Week 5. Five weeks into my first semester, and it's starting to seem.... normal. I'm beginning to settle into the weekly routine of teaching, office hours, research, and lab meetings. Extras like department and union meetings, coffee with colleagues, working through sticky professional situations, and student inquiries can make or break a productive week.
But as many seasoned academics recommend, I'm learning to see the big picture.
For example, 2013 was a rough year for publications. The main paper from my dissertation and my first paper on postdoc each were rejected by multiple journals, and other papers were VERY slow-going. It wasn't until this summer that submissions really picked up, and I'm happy (and grateful) to report that I recently received three revise and resubmit invitations. (Three rejections, too, but that's still a marked improvement.)
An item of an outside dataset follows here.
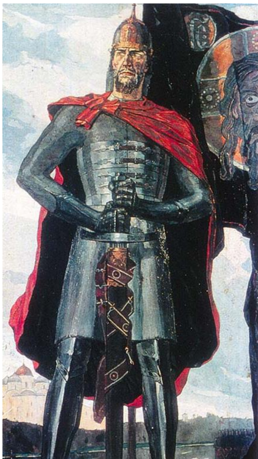
Павел Дмитриевич Корин

Внимательно рассмотрите представленные репродукции картин П.Д. Корина и Н.К. Рериха. Прочитайте текст. Ответьте на вопросы.

The R&R invitations coincided with the first few weeks of classes, of course, so I haven't turned them around as quickly as I would have six months ago. And I came very close to being frustrated with myself for not doing any revision last week, which was a difficult and stressful week all around. Why? Each paper has a deadline, of course, but those aren't for a few weeks yet. But my first year review occurs at the beginning of December (yes, after three months on the job), and I have to submit my report before Thanksgiving. Wouldn't it be great to have a paper acceptance - or at least, revision submissions - listed as completed during my first few months?
In addition, one of the recent R&R invitations was for my former undergrad research coordinator's first first-authored manuscript, so I have quite a bit of mentorly pride about that one. And it's motivating me to get my new undergraduates going on their own projects ASAP. Two are assisting with a conference submission (due in two weeks), and two will have an independent study with me next semester to prepare for their senior theses. That will look great on my report! Plus the new course I'm creating for the university and prepping from scratch!
Wait - I've only been on the job for five weeks?!? What am I getting myself into?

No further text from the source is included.